Mayor: Buffalo mass shooter targeted black neighbourhood
The white 18-year-old who fatally shot 10 people at a Buffalo supermarket researched the local demographics and arrived a day in advance to conduct reconnaissance with the intent of killing as many black people as possible, officials said yesterday.
The racially motivated attack came a year after the gunman was taken to a hospital by state police after making threats involving his high school, according to authorities.
He wasn’t charged with a crime and was out of the hospital within a day and a half, police said, but the revelation raised questions about his access to weapons and whether he could have been under closer supervision by law enforcement.
The Buffalo attack prompted grief and anger in the predominantly black neighbourhood around Tops Friendly Market. A group of people gathered there to lead chants of “black lives matter” and mourn victims that included an 86-year-old woman who had just visited her husband in a nursing home and a supermarket security guard, both of whom were black.
“Somebody filled his heart so full of hate that he would destroy and devastate our community,” the Reverend Denise Walden-Glenn said.
New details emerged yesterday about the gunman’s past and Sunday’s rampage, which the shooter livestreamed on Twitch.
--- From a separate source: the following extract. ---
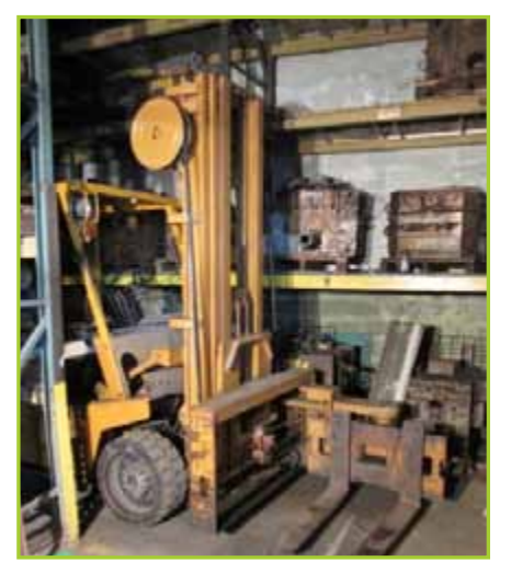
KOMATSU FG35SI TYPE G LIFT TRUCK, 14,000LB CAP, SIDE SHIFT, SOLID TIRES

New York Governor Kathy Hochul, a Buffalo native, demanded technology companies tell her whether they’ve done “everything humanly possible” to make sure they’re monitoring violent content as soon as it appears.
“If not, then I’m going to hold you responsible,” she said.
Twitch said in a statement that it ended the transmission “less than two minutes after the violence started”.
New York State Police said troopers were called early last June to the high school then attended by the alleged gunman, Payton Gendron, for a report that a 17-year-old student had made threatening statements.
Gendron threatened to carry out a shooting at Susquehanna Valley High School, in Conklin, New York, about the time of graduation, a law enforcement official said. Buffalo Police Commissioner Joseph Gramaglia said Gendron had no further contact with law enforcement after his release from the hospital.
Federal law bars people from owning a gun if a judge has determined they have a “mental defect” or they have been forced into a mental institution — but an evaluation alone would not trigger the prohibition.
Federal authorities were still working to confirm the authenticity of a racist 180-page document, purportedly written by Gendron, that detailed his plans for the attack and reasons for carrying it out.
A preliminary investigation found Gendron had repeatedly visited sites espousing white supremacist ideologies and race-based conspiracy theories and extensively researched the 2019 mosque shootings in Christchurch, New Zealand, the law enforcement official said.
Authorities said he shot, in total, 11 black people and two white people.
“This individual came here with the express purpose of taking as many black lives as he possibly could,” Buffalo Mayor Byron Brown said at a news conference yesterday.
The lengthy statement attributed to Gendron outlined a racist ideology rooted in a belief that the United States should belong only to white people. All others, the document said, were “replacers” who should be eliminated by force or terror.
The document said Gendron researched demographics to select his target, and picked a neighbourhood in Buffalo because it had a high ratio of black residents.
Gendron travelled 320km from his home in Conklin, New York, to Buffalo to commit the attack, police said. He conducted reconnaissance on the store and the area a day before the shooting, Gramaglia said.
Gendron surrendered to police who confronted him and convinced him to drop the rifle he had put to his neck. He was arraigned later on Sunday on a murder charge.